Control of DC-DC Buck Converters Using Robust Composite Backstepping and Integral Terminal Sliding Mode Approaches

This article proposes a new composite scheme to design a robust voltage controller for dc-dc buck converters in which the composite structure combines the recursive backstepping approach with an integral terminal sliding mode controller (ITSMC). In this work, the proposed ITSMC is designed to overcome the one-degree limitation of existing ITSMCs and difficulties for the finite time convergence in standard sliding mode controllers (SSMCs) as it incorporates a quick reaching law. Moreover, the singularity problem in existing SSMCs is tackled using a modified integral sliding surface. The backstepping strategy is used to ensure the voltage monitoring with a higher degree of accuracy. The robustness of the proposed composite approach is ensured by capturing the variations in parameters, input voltage, and mismatch in the model; as all these factors are included in the dynamical model of the dc-dc buck converter based on which the proposed composite controller is designed.
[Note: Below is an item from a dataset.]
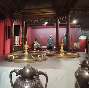 - Кадь. «После окончания чина мироварения, готовое миро помещалось для охлаждения в серебряную кадь, подаренную в 1767 году императрицей Екатериной II. Крышку кади венчают литые позолоченные фигуры: пророк Самуил возливает елей на голову царя Давида»[8].

The robustness and stability of the proposed composite controller are simultaneously analyzed using the concept of the Lyapunov stability theory. The theoretical and analytical findings for the proposed composite robust backstepping ITSMC (RBITSMC) are further verified through extensive simulation studies in the MATLAB/Simulink platform. Performance comparisons of the proposed RBITSMC are also presented against an existing adaptive nonsingular fast terminal sliding mode controller. Finally, experimental results from the application of the proposed control strategy on a laboratory prototype are presented to justify its application on the practical system.